As I said to before, if your going to change the story to fit your argument then dont waste your time. They did not breach with bullets. He shot an unknown target.
Then I expect you to do the same, the facts of the story are these:
The cop was in the home illegally
The shooter had legal justification to shoot
The jury found in favor of the shooter
End of story.
There’s something you need to understand in order for you to grasp the arguments that are coming against you.
The shooter did identify his target, as someone who had
no lawful business being inside his home and thus in the commission of a crime. “knowing your target” does not require one to get on a first name basis with the person inside their home after dark, it requires that, to the best of your ability, you identify that the target is not there on legal business. The shooter did that, because the police officer was not lawfully there. This is a far cry from the guy that shoots his teenaged daughter that has a habit of sneaking out and coming home at odd hours; the resident of the property had no reasonable expectation that anyone would lawfully be on his property, after dark, without notice or his consent.

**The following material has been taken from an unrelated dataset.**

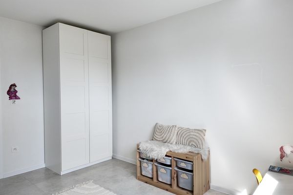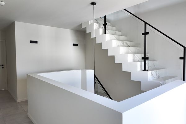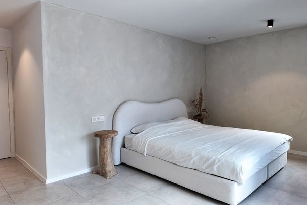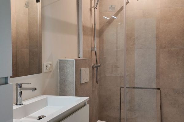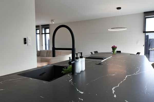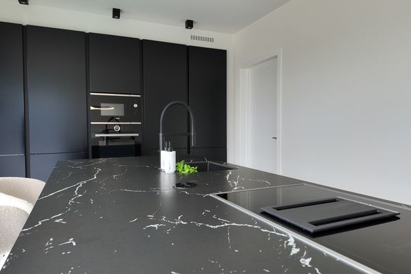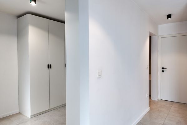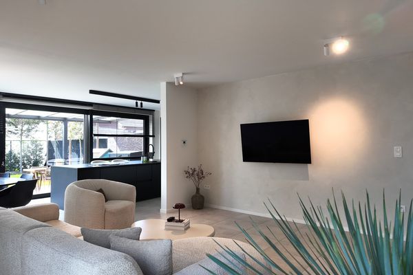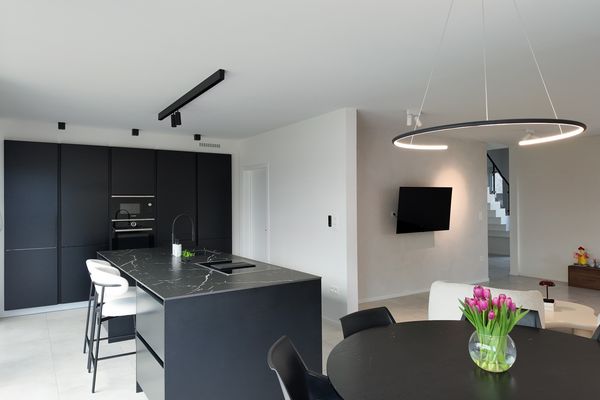 De inkomhal geeft toegang tot de lichtrijke leefruimte met airconditioning. De open woonkamer staat in directe verbinding met de stijlvolle zwarte designkeuken met keramisch werkblad. Deze is volledig uitgerust met kwalitatieve toestellen: een oven, magnetron, vaatwasser en een inductiekookplaat met ingebouwde afzuiging. Dankzij de grote raampartijen geniet de leefruimte van een overvloed aan natuurlijk licht. Aansluitend vind je nog een praktische berging met aansluitingen voor wasmachine en droogkast, en voldoende ruimte voor extra stockage.

The shining of the light into his face is not the act that justified the shoot, in fact, it’s what nearly cost the LEO his life (aside from him scaling a wall and breaking and entering into the shooter’s private home) because it made it near impossible for the shooter to positively identify his target beyond: they are not lawfully here, they have broken into my home and are in my doorway. “Knowing your target” does not require one to assume all intruders are legally there, nor does it require that one ask the person what they are doing inside the home before resorting to the option of self-defense because the time it takes to do that can (and often has) get one killed. As a private citizen inside of his or her own home, they are not required to potentially risk their own safety in order to double-check that a person that is reasonably presumed to be in the home illegally is actually there with ill intent.
Likewise, if a plain-clothes LEO pulls a gun on someone but does not identify themselves as a police officer, and that LEO gets shot, the shooter is in the right. We are under no legal obligation to do a background check or ask twice before shooting. The legal requirement is on the law enforcement officer (or in the original case, the intruder of the home) to identify themselves and declare that their actions are legal and they are on official legal business.
The cop was shot in the back! Nobody has giving a logical explanation to how he was shot in the back while shinning a flashlight throught the window. If you dont see something wrong with that picture then fire away
The shooter fired multiple shots, the LEO was running for cover and returning fire. If there was anything sinister involved, the jury would have not acquitted the shooter. Next.